Task description: Starting at the line below with "다리 위에 올라서자 멀리 강정 방파제 윤곽이 떠올랐다." and stopping at the line with "HOT Information مزايدة", please print each line exactly, those two included, and skip every picture.

Material supplied:
—————

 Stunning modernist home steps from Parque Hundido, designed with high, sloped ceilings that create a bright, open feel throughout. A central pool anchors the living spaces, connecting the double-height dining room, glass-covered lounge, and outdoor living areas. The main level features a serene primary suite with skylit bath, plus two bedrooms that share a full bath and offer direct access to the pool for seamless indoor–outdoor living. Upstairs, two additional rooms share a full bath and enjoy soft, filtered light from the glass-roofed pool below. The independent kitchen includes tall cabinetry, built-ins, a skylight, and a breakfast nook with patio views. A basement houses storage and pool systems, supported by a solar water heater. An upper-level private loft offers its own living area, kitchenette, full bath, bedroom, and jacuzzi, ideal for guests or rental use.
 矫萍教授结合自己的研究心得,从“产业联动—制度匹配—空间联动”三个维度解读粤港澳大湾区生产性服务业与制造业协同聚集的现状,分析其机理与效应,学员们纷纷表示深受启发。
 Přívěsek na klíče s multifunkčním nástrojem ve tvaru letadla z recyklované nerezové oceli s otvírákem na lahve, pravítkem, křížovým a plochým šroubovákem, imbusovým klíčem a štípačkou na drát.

—————

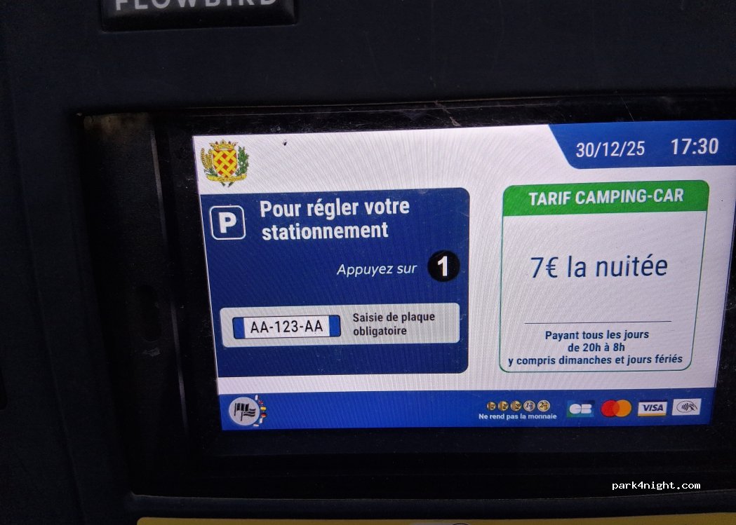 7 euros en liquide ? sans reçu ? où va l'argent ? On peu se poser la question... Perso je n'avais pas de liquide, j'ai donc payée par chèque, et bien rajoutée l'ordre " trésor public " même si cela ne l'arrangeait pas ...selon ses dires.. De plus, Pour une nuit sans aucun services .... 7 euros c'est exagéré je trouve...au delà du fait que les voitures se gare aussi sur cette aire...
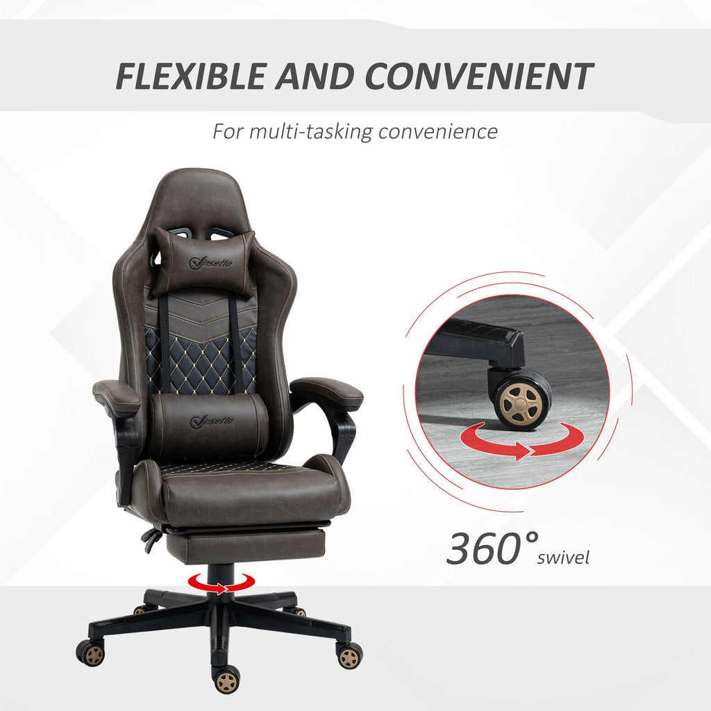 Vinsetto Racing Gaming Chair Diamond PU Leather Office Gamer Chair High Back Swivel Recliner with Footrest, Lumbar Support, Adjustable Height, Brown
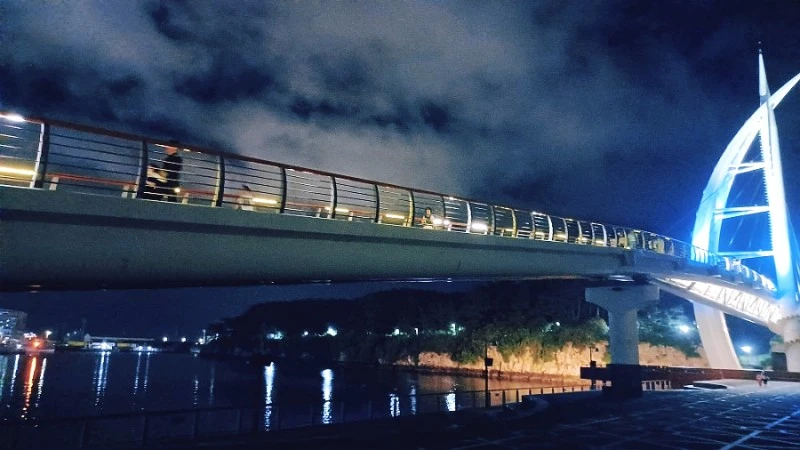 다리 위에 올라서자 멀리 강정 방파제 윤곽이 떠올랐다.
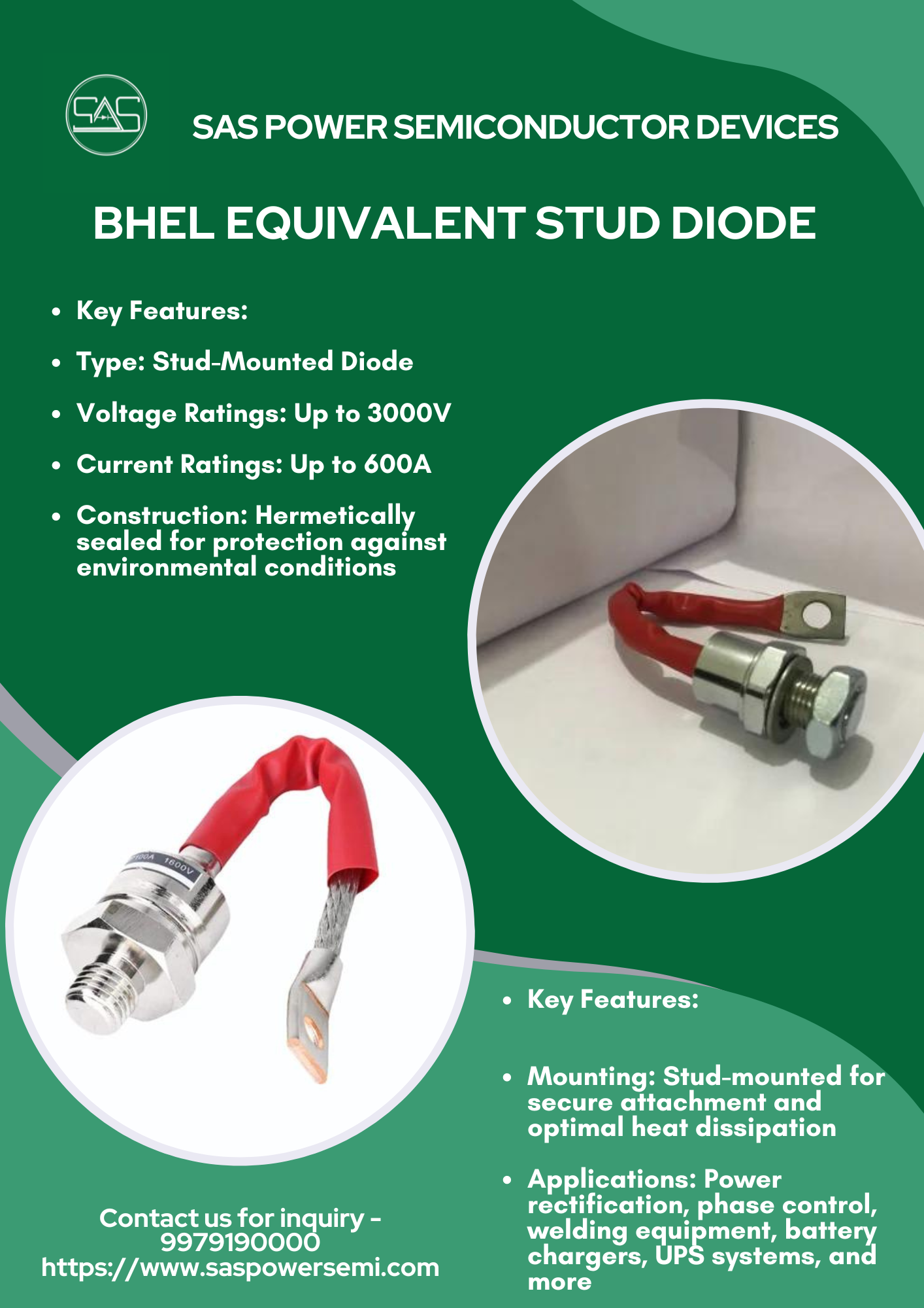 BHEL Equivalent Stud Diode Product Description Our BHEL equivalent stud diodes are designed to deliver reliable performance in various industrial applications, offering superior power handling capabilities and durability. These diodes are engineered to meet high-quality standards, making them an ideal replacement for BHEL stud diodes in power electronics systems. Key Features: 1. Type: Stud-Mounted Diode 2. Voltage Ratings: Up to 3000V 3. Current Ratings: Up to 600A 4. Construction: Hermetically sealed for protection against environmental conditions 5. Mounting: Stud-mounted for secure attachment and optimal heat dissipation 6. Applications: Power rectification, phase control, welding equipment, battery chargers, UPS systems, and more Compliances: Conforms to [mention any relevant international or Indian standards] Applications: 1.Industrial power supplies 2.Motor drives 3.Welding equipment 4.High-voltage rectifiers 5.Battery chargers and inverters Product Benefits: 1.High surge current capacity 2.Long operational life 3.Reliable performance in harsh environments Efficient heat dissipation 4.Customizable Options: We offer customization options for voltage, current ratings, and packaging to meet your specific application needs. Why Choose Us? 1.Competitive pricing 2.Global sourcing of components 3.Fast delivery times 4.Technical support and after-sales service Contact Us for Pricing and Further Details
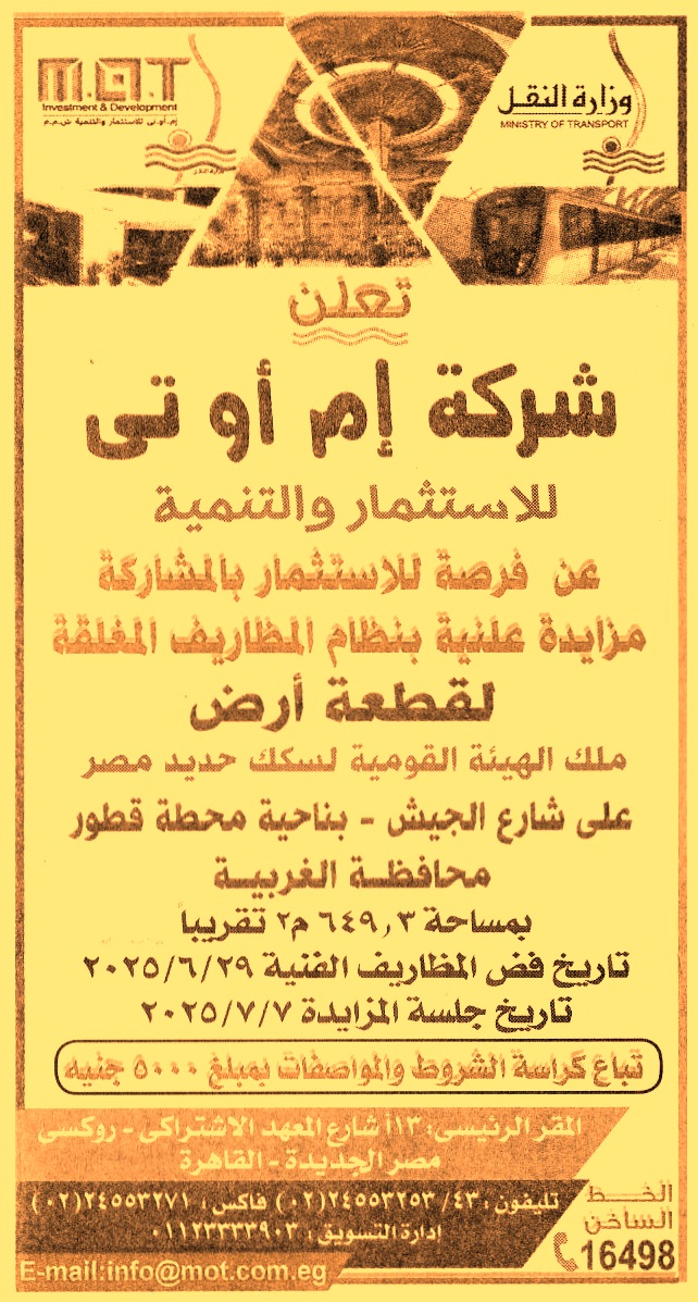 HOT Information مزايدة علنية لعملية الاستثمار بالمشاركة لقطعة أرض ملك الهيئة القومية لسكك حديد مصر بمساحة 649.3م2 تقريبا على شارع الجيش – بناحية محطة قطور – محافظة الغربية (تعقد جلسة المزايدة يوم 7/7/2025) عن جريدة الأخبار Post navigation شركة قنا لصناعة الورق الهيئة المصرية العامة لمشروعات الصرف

—————

Response for this exercise:
 다리 위에 올라서자 멀리 강정 방파제 윤곽이 떠올랐다.
 BHEL Equivalent Stud Diode Product Description Our BHEL equivalent stud diodes are designed to deliver reliable performance in various industrial applications, offering superior power handling capabilities and durability. These diodes are engineered to meet high-quality standards, making them an ideal replacement for BHEL stud diodes in power electronics systems. Key Features: 1. Type: Stud-Mounted Diode 2. Voltage Ratings: Up to 3000V 3. Current Ratings: Up to 600A 4. Construction: Hermetically sealed for protection against environmental conditions 5. Mounting: Stud-mounted for secure attachment and optimal heat dissipation 6. Applications: Power rectification, phase control, welding equipment, battery chargers, UPS systems, and more Compliances: Conforms to [mention any relevant international or Indian standards] Applications: 1.Industrial power supplies 2.Motor drives 3.Welding equipment 4.High-voltage rectifiers 5.Battery chargers and inverters Product Benefits: 1.High surge current capacity 2.Long operational life 3.Reliable performance in harsh environments Efficient heat dissipation 4.Customizable Options: We offer customization options for voltage, current ratings, and packaging to meet your specific application needs. Why Choose Us? 1.Competitive pricing 2.Global sourcing of components 3.Fast delivery times 4.Technical support and after-sales service Contact Us for Pricing and Further Details
 HOT Information مزايدة علنية لعملية الاستثمار بالمشاركة لقطعة أرض ملك الهيئة القومية لسكك حديد مصر بمساحة 649.3م2 تقريبا على شارع الجيش – بناحية محطة قطور – محافظة الغربية (تعقد جلسة المزايدة يوم 7/7/2025) عن جريدة الأخبار Post navigation شركة قنا لصناعة الورق الهيئة المصرية العامة لمشروعات الصرف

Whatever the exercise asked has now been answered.